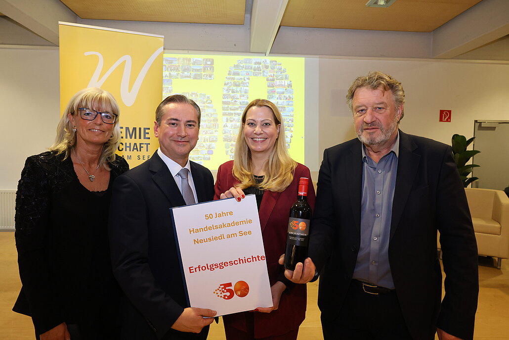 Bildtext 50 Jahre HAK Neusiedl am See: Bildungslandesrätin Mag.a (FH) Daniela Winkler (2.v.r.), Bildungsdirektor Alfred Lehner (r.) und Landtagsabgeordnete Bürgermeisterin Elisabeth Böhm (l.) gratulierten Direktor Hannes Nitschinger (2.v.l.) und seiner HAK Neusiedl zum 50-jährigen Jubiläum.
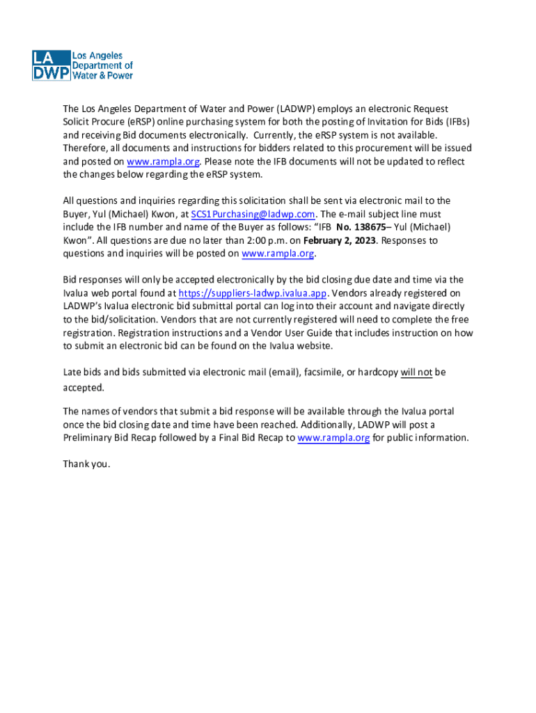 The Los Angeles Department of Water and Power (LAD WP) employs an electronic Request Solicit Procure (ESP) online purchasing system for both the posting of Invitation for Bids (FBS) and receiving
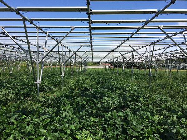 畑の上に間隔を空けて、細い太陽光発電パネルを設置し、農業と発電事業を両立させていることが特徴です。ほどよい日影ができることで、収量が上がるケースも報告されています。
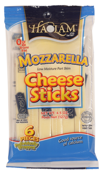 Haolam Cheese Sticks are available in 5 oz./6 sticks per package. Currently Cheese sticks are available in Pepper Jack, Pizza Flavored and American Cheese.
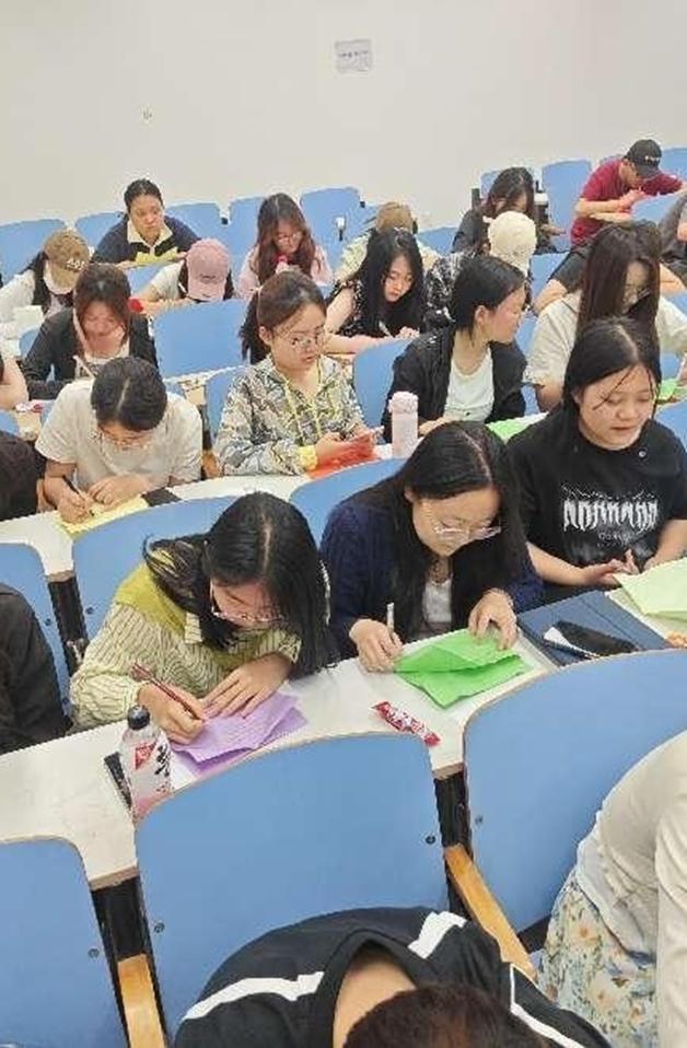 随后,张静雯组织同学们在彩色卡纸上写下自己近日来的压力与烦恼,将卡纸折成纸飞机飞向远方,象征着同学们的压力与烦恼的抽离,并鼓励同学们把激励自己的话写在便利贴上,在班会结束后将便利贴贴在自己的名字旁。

WHAT THIS TASK INVOLVES: Reproduce, with the pictures omitted, exactly those lines that run from the line with "The Los Angeles" to the last line of the material, both ends included.

YOUR SOLUTION:
 The Los Angeles Department of Water and Power (LAD WP) employs an electronic Request Solicit Procure (ESP) online purchasing system for both the posting of Invitation for Bids (FBS) and receiving
 畑の上に間隔を空けて、細い太陽光発電パネルを設置し、農業と発電事業を両立させていることが特徴です。ほどよい日影ができることで、収量が上がるケースも報告されています。
 Haolam Cheese Sticks are available in 5 oz./6 sticks per package. Currently Cheese sticks are available in Pepper Jack, Pizza Flavored and American Cheese.
 随后,张静雯组织同学们在彩色卡纸上写下自己近日来的压力与烦恼,将卡纸折成纸飞机飞向远方,象征着同学们的压力与烦恼的抽离,并鼓励同学们把激励自己的话写在便利贴上,在班会结束后将便利贴贴在自己的名字旁。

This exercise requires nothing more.